# Kindle



## cabby (May 14, 2005)

Anyone selling their kindle.

cabby


----------



## peribro (Sep 6, 2009)

Looking at ebay there are 107,917 kindles and kindle accessories currently for sale!


----------



## cabby (May 14, 2005)

Obviously I am aware that there are 774 for sale on ebay, have got a few on my watch list. 
However if one is for sale on here from a member I would rather give them the money.
But I accept that you were trying to be helpful, did you happen to notice how many for sale on Amazon.

cabby


----------



## listerdiesel (Aug 3, 2012)

Rita bought me a Kindle Fire HD6 for Christmas.

Terrific screen and loads of things to play with, BUT:

Almost all functions are 'customised' by Amazon, many Android apps won't work on a Kindle.
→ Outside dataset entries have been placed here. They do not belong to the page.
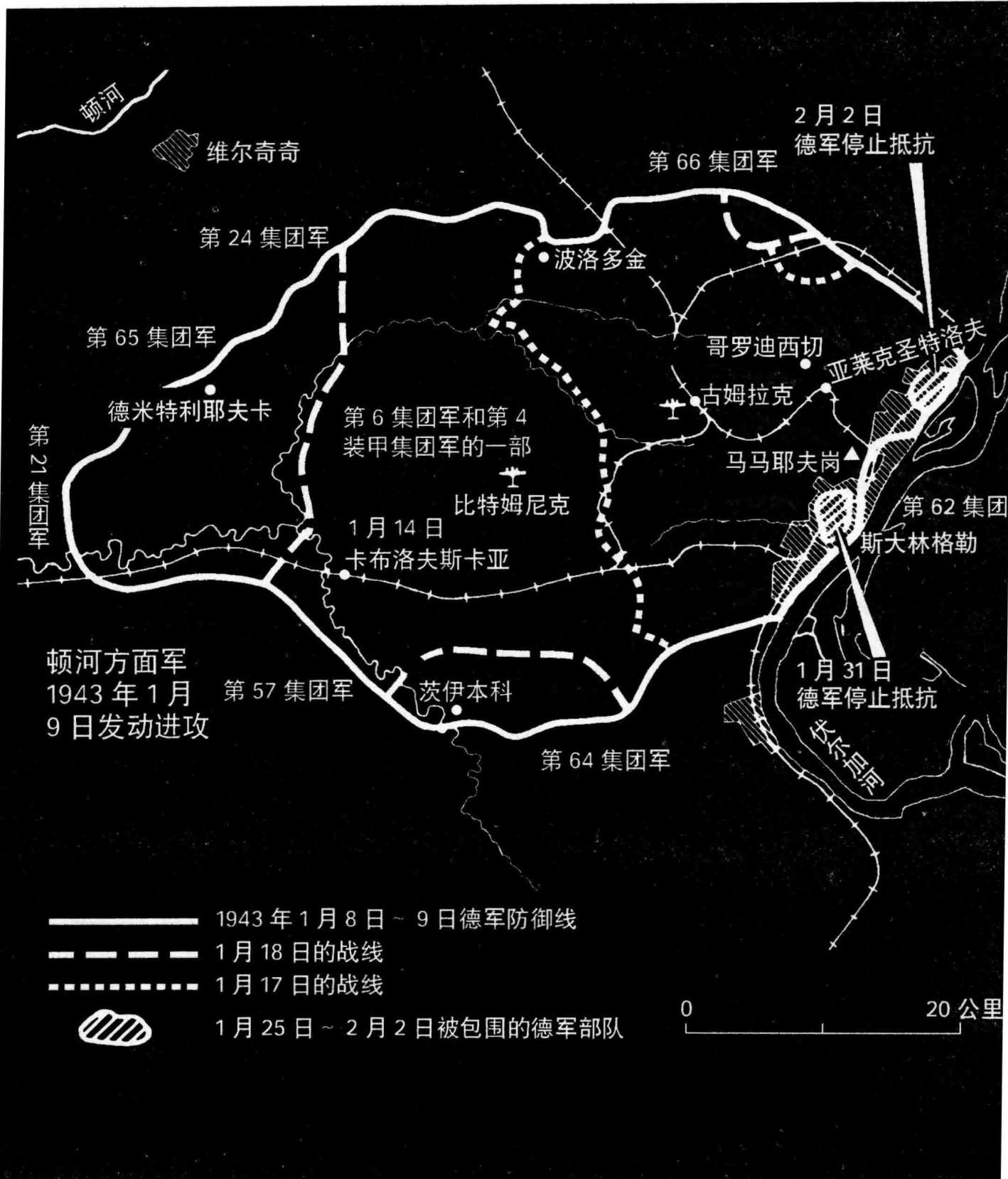
右图：1943年1月~2月，斯大林格勒战役中展开战略反攻的苏军与被围的德军双方态势图。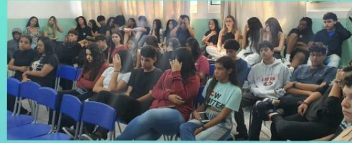
Palestra SOS Rio Grande do Sul 10/05/2024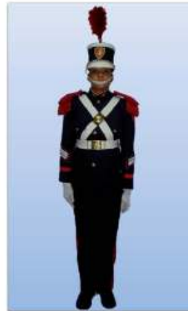
UNIFORME "B" SOCIAL, PARA CABALLEROS Y SEÑORITAS CADETES

De carácter obligatorio para las Señoritas y Caballeros Cadetes.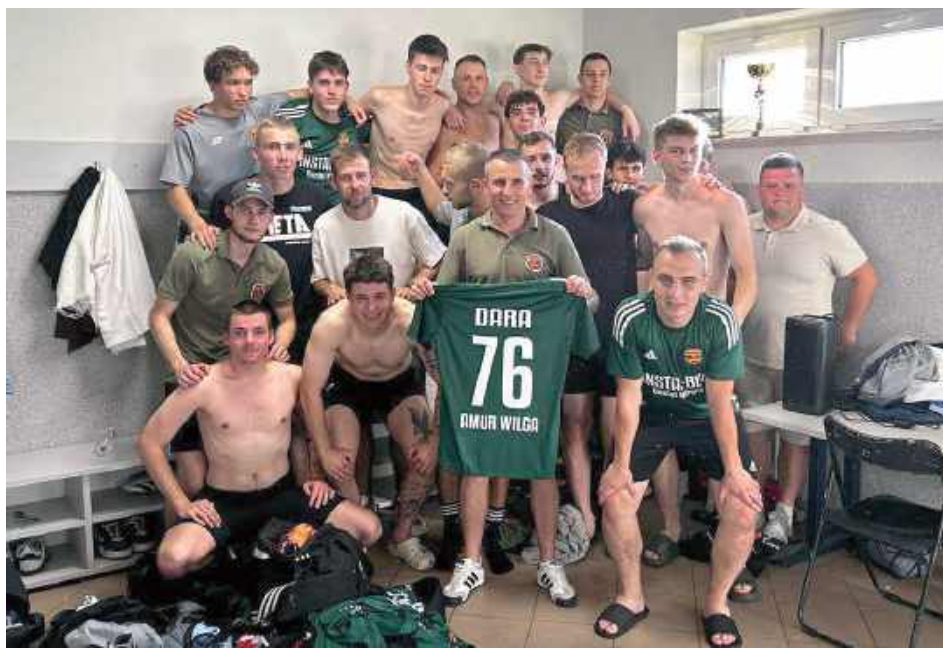
Zespół Amura pokazał prawdziwy charakter. Starty odrobił już do przerwy i pokonał rywali aż 4:1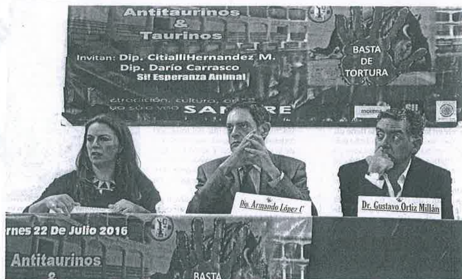
Los taurinos consideran que disfrutar de las corridas de toros no los hace perversos, crueles, sicópatas o sádicos. Por su parte, los opositores acusan que se privilegia el dinero antes que la vida del toro y el torero.

Activistas antitaurinos señalaron como situación decepcionante que diputados de Morena comprometidos a apoyar su lucha se ausentaron del foro que llevó dos meses en preparar. ●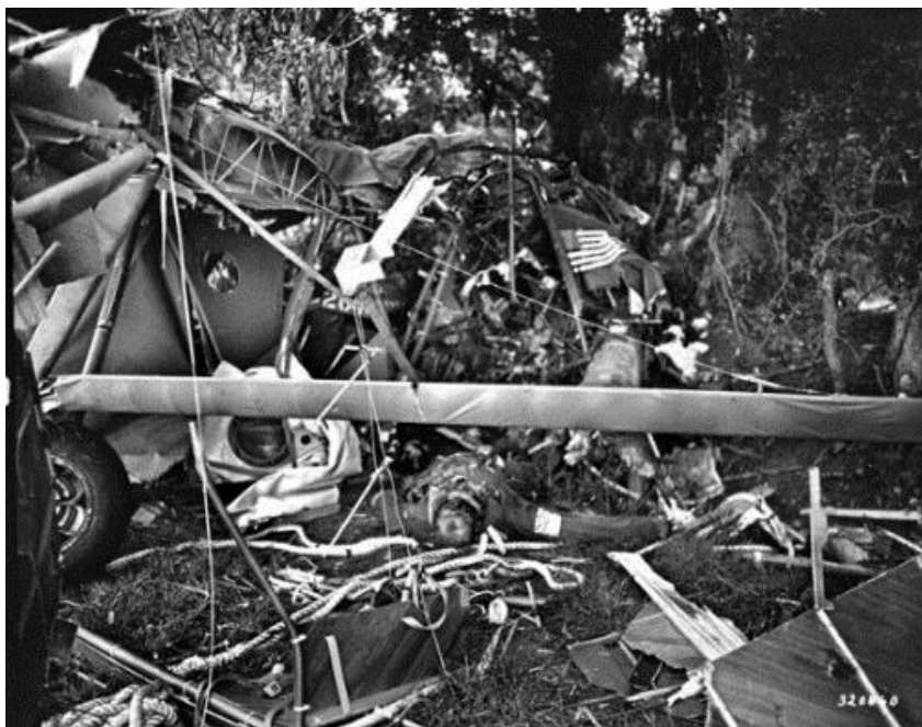
Мертвый американский десантник среди обломков разбившегося при посадке планера близ Карантана. 7 июня 1944 года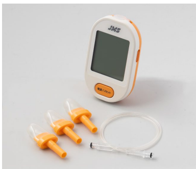
「ペコジーな」スターターキット

当社は、広島県の産官学連携プロジェクト（医療・福祉課題解決に向けたデバイス開発パイロット事業）を通じ、国立大学法人広島大学並びに県内関連企業の皆さまとともに、介護領域や家庭などで手軽に舌圧のトレーニングができるデバイス「ペコジーな」を新たに開発いたしました。楽しくトレーニングを継続できるようアプリと連動させゲームを行うことも可能です。また、既に多くのおお客様にご愛用いただいている舌圧トレーニング用具「ペコぱんだ」においても、今秋新たな硬さ「ペコぱんだ MH」の規格追加を予定しております。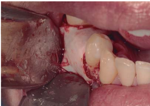
Figura 2. Regeneración ósea guiada.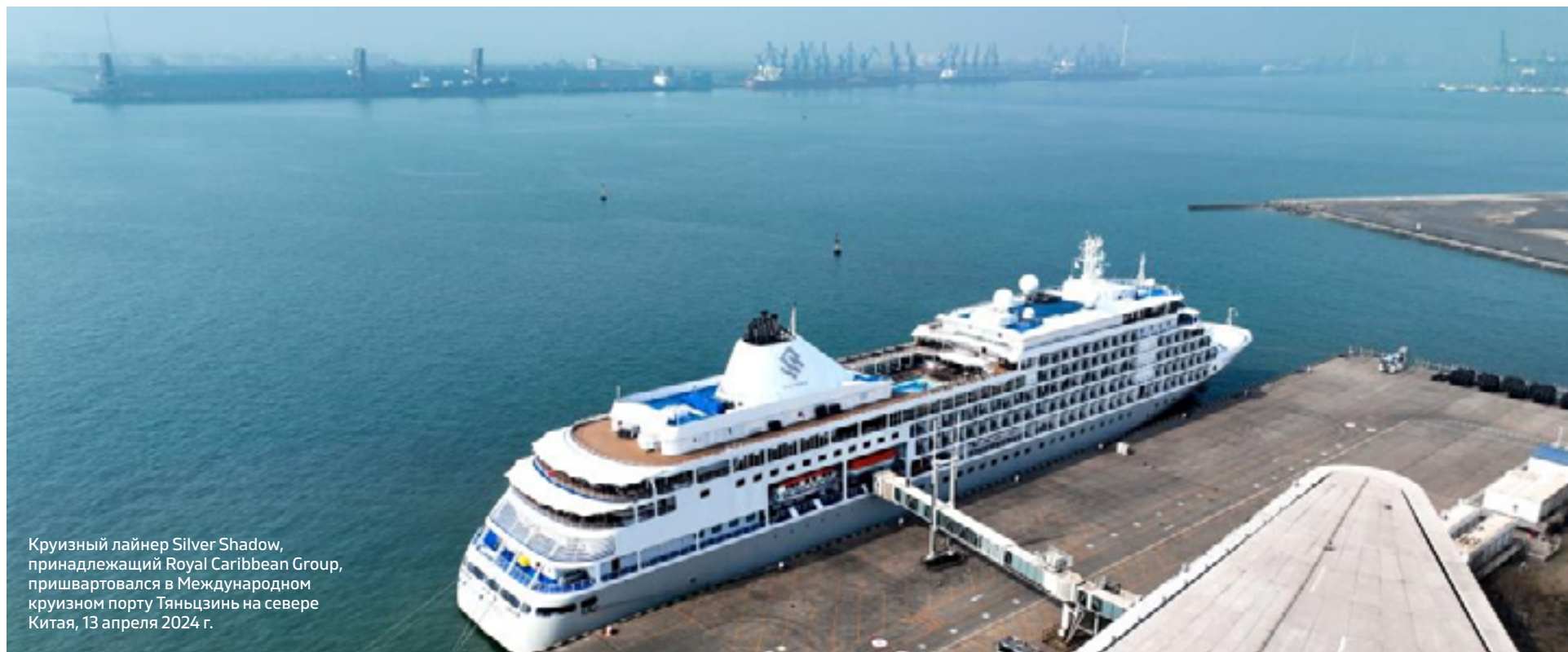
Круизный лайнер Silver Shadow, принадлежащий Royal Caribbean Group, пришвартовался в Международном круизном порту Тяньцзинь на севере Китая, 13 апреля 2024 г.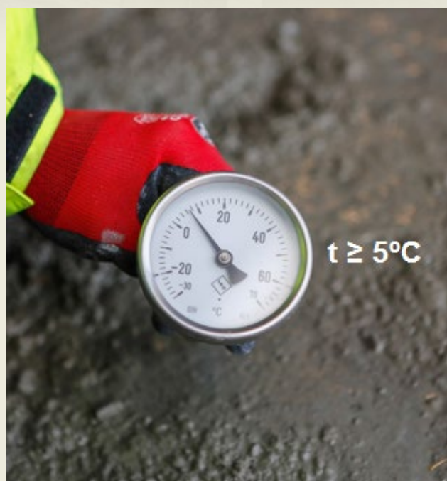
Rys. 1. Minimalna temperatura mieszanki betonowej

Wg normy PN-EN 206:2014 "Beton – Wymagania, właściwości, produkcja i zgodność" temperatura mieszanki betonowej podczas zabudowy nie powinna być niższa niż 5°C (rys. 1). Zachowanie temperatury mieszanki na poziomie powyżej 5°C pozwala uniknąć ryzyka zamarznięcia wody w mieszance. Niemniej ważne jest uzyskanie przez młody beton minimalnej wytrzymałości na ściskanie, zanim ulegnie on pierwszemu zamarznięciu. Naprężenia powstające wskutek zwiększania objętości przez zamarzającą wodę mają charakter naprężeń rozciągających. Gdy ich wartość przekroczy granicę wytrzymałości matrycy cementowej, dochodzi do rozerwania powstałych wiązań.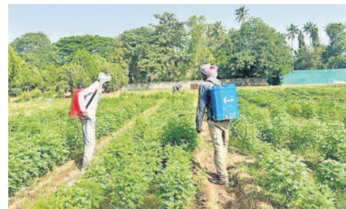
వీడవీడల నివారణకు వివికార్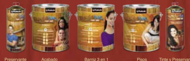
Preservante Acabado Barniz 3 en 1 Pisos Tinte y Preservante

Difícil de creer pero cierto, el barniz ya no huele.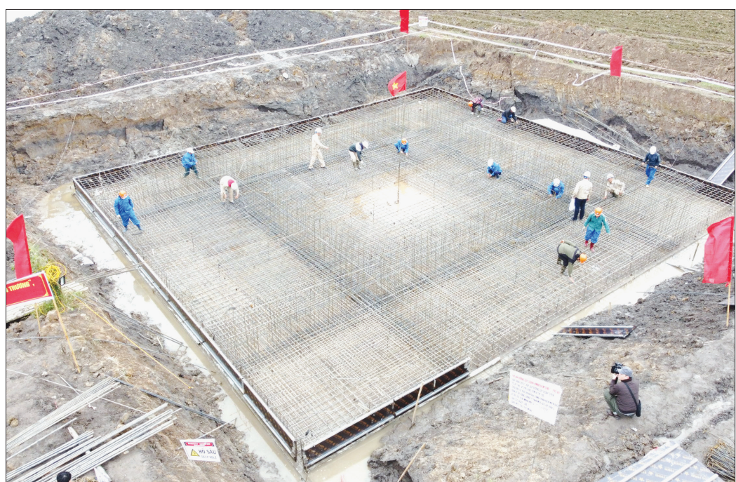
Khí thế thi đua làm việc trên công trường đường dây 500kV mạch 3 tại Thái Bình luôn sôi nổi.

Chia sẻ áp lực và khó khăn với Tập đoàn Điện lực Việt Nam, cấp ủy, chính quyền và nhân dân tỉnh Thái Bình đã đồng hành, huy động tổng lực hỗ trợ, tháo gỡ vướng mắc và thúc đẩy tiến độ triển khai dự án nhanh nhất có thể.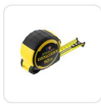
FLEXÓMETRO 10M STANLEY® FATMAX®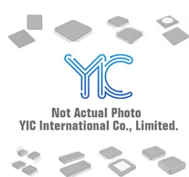
MIC69101-1.8YML MICREL MIC69101-1.8YML MICREL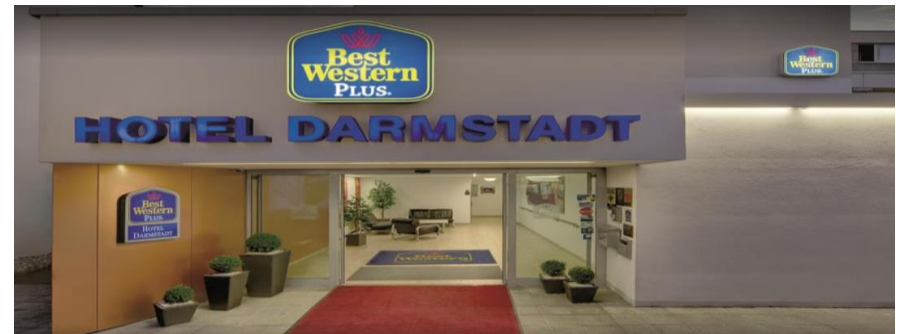
Best Western Hotel Grafenstr. 31 64283 Darmstadt Tel: +49 6151 281 00 www.hotel-darmstadt.bestwestern.de

No expansion slot either.

No GPS function on mine, so I couldn't use it as a sat-nav.

I now have a Samsung Galaxy Tab4 8" which does all that the Kindle does but far better, and you have GPS built in. Thousands of apps with no restrictions and a very good screen. 32gb Micro-SD slot as standard.

Rita now has the Kindle and I have the Samsung, which isn't a phone. I also transferred my ebooks over to it as well.

Peter


----------



## nickkdx (May 26, 2009)

Yes, my wife's got a Kindle Paperwhite wifi only for sale, about 18 months old, always been in case ( not selling with case) so in excellent condition with cable but can't find the box. Selling due to change to 3G model.


----------



## boringfrog (Sep 22, 2006)

cabby said:


> Anyone selling their kindle.
> 
> cabby


Do you want a kindle e book reader or a tablet?


----------



## boringfrog (Sep 22, 2006)

nickkdx said:


> Yes, my wife's got a Kindle Paperwhite wifi only for sale, about 18 months old, always been in case ( not selling with case) so in excellent condition with cable but can't find the box. Selling due to change to 3G model.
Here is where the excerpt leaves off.